▶ _PROBLEM REQUIREMENTS_
Leaving out all pictures, reproduce the entries below exactly, from the first line through the line that contains "Từ đường thẳng A1D1 lấy A1H= 2cm.".
*** Block opens ***
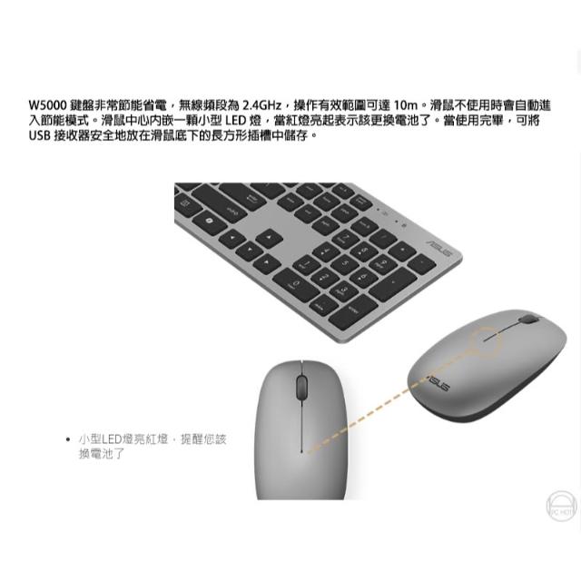 ASUS 華碩ASUS 華碩 W5000 無線鍵盤滑鼠組 輕薄耐用 13個專用快速鍵 滑鼠 靜音滑鼠 無線滑鼠 鍵盤 無線鍵盤
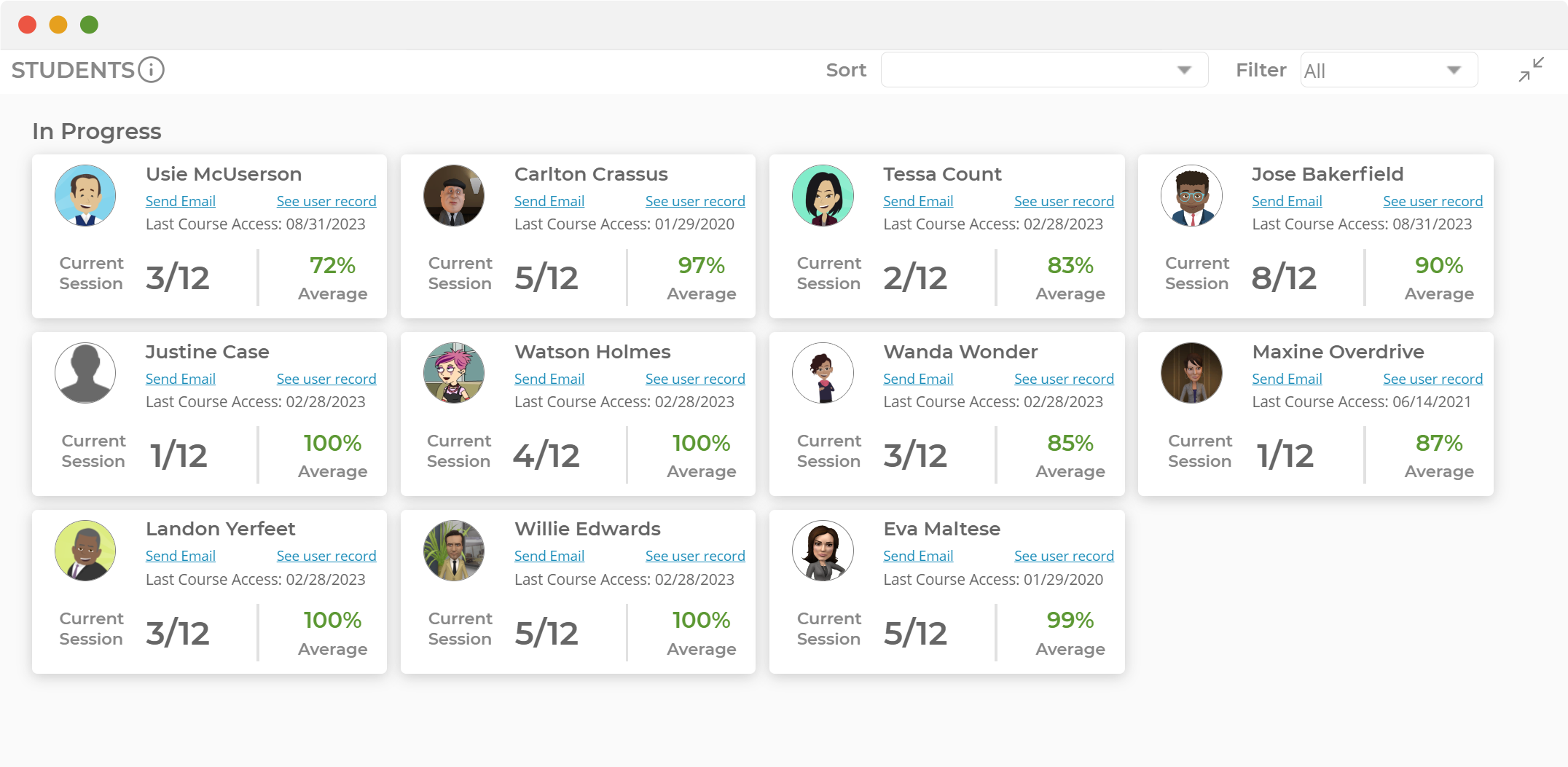 Quickly monitor progress across your cohort and drill down into students who need intervention.
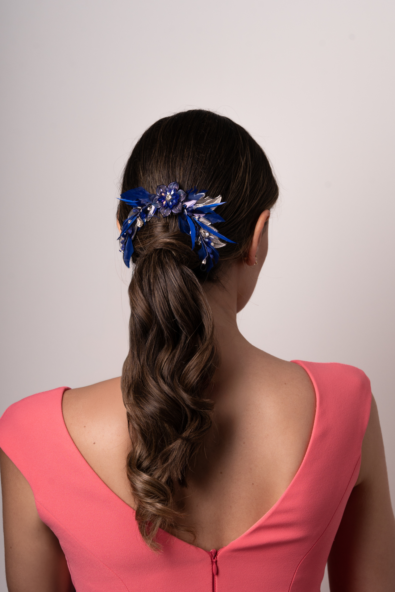 Tocado tipo joya coletero,medialuna en tonos azulina y plata. Las plumas son las protagonistas de esta creación,acompañadas de piezas de metal,pistilos y brillos. Flor central de cristales dan un toque de luz a la pieza. Med. 20cm. Aprox.
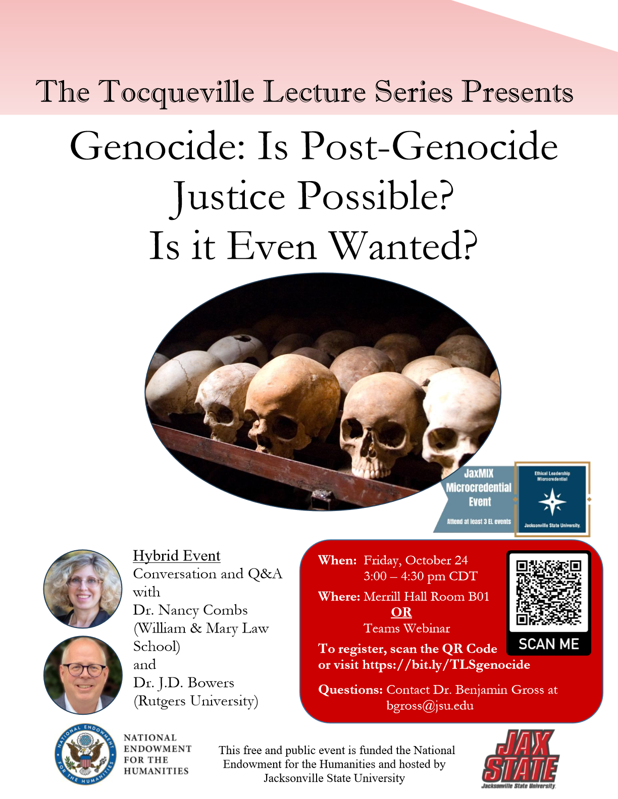 This event is free and open to the public. It is made possible through a grant from the National Endowment for the Humanities. It is hosted by the Tocqueville Lecture Series on the campus of Jacksonville State University. This event is part of the Jax MIX Ethical Leadership microcredential at Jacksonville State University.
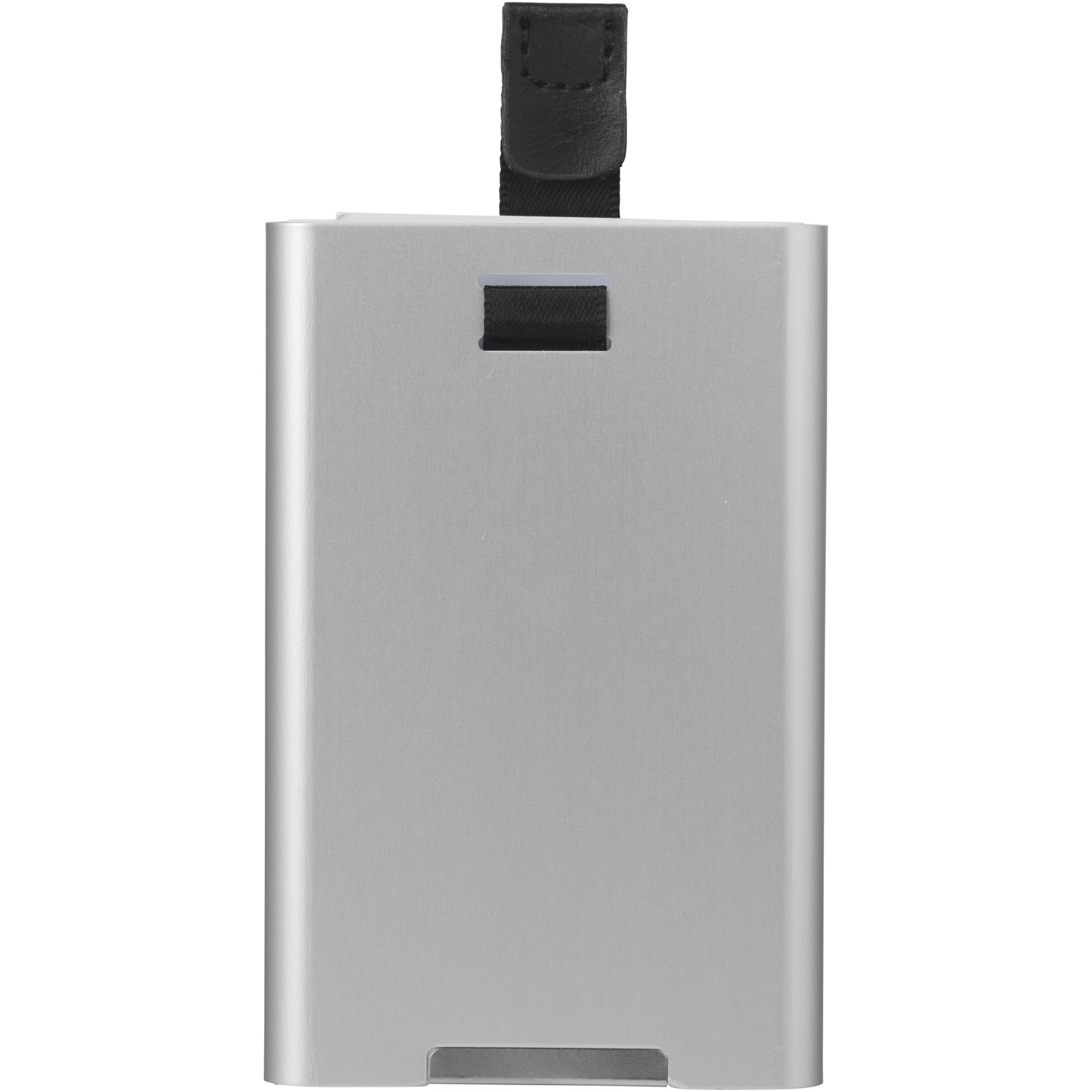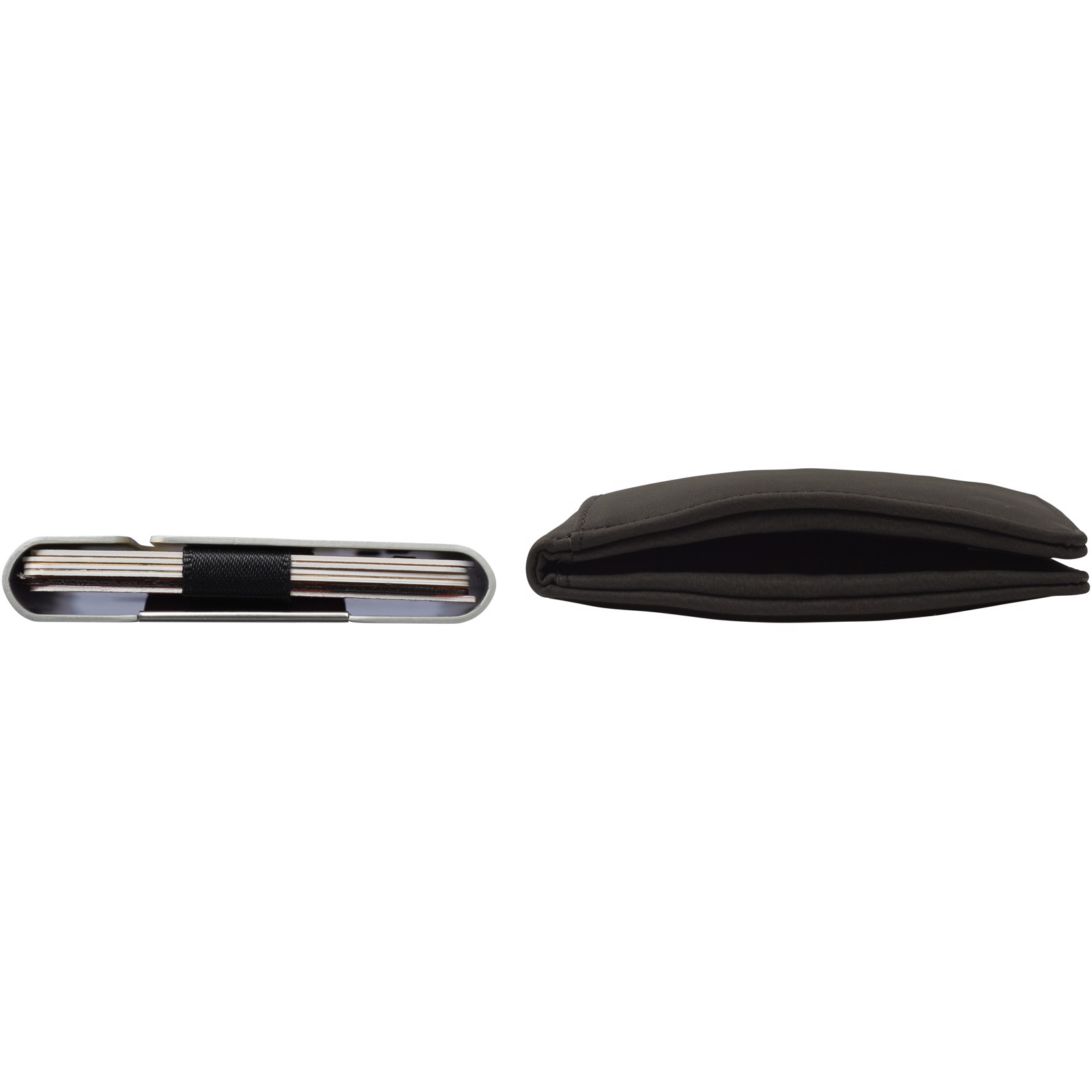 Aluminum card holder protects your cards from identity theft, breaking and damage. Simply take out the cards using the cord. Holds up to 9 cards. Presented in a gift box.
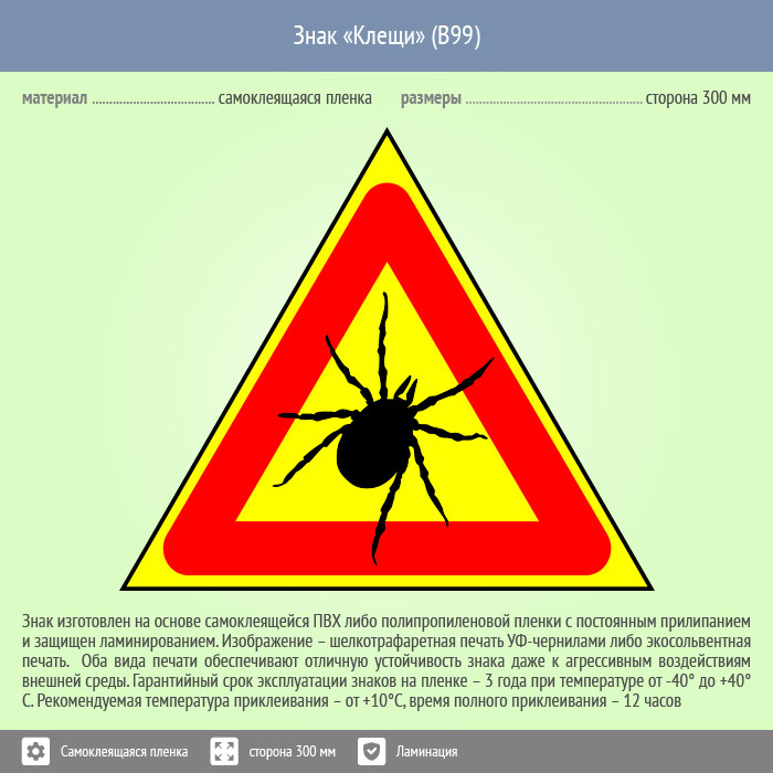 Знак «Клещи», B99 (пленка c ламинированием, сторона 200 мм) в Томске купить
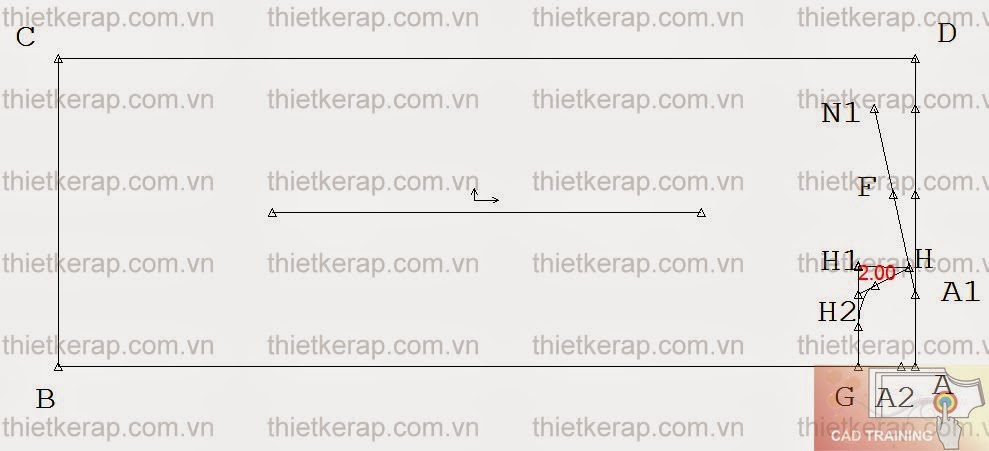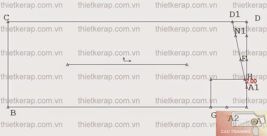 Từ đường thẳng A1D1 lấy A1H= 2cm.
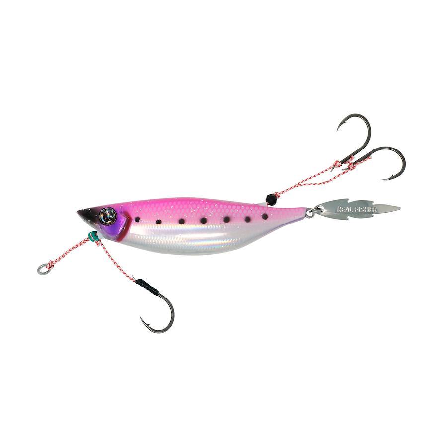 船長が作り出すこだわりの新感覚スロージグ ●あじごスローはタイラバとジグの融合。つまりタイラバの良い部分とジグの良い部分を兼ね備えている。●ただ巻きではローリング&ダートアクション、シャくると反転し派手なスライドアクションを演出。この独特な動きに反応する魚種は、かなり多い。●根魚はもちろん、真鯛、青物。その他、ヒラメやマゴチなどのフラットフィッシュまで幅広く狙える。●カラーは6色。フルシルバーにはケイムラが施されており、シマグローは文字通りグロータイプとなっている。●イワシブルーとイワシピンクはラメ入り、アジゴグリーンとアジゴレッドにはアジの胸ビレ模様入り。●テール部のファイヤーブレードはREALFISHERネーム入りのオリジナルで作り上げたパーツになりますリアルフィッシャー REAL FISHER あじごスロー 80g (メタルジグ ジギング)※画像はシリーズ代表の商品を使用しております。悪しからずご了承下さい。※ホログラムの仕様は、製造時期により異なる場合があります。≪リアルフィッシャー REAL FISHER メタルジグ ジギング≫
*** Block closes ***
▶ _RESPONSE BOX_
 ASUS 華碩ASUS 華碩 W5000 無線鍵盤滑鼠組 輕薄耐用 13個專用快速鍵 滑鼠 靜音滑鼠 無線滑鼠 鍵盤 無線鍵盤
 Quickly monitor progress across your cohort and drill down into students who need intervention.
 Tocado tipo joya coletero,medialuna en tonos azulina y plata. Las plumas son las protagonistas de esta creación,acompañadas de piezas de metal,pistilos y brillos. Flor central de cristales dan un toque de luz a la pieza. Med. 20cm. Aprox.
 This event is free and open to the public. It is made possible through a grant from the National Endowment for the Humanities. It is hosted by the Tocqueville Lecture Series on the campus of Jacksonville State University. This event is part of the Jax MIX Ethical Leadership microcredential at Jacksonville State University.
 Aluminum card holder protects your cards from identity theft, breaking and damage. Simply take out the cards using the cord. Holds up to 9 cards. Presented in a gift box.
 Знак «Клещи», B99 (пленка c ламинированием, сторона 200 мм) в Томске купить
 Từ đường thẳng A1D1 lấy A1H= 2cm.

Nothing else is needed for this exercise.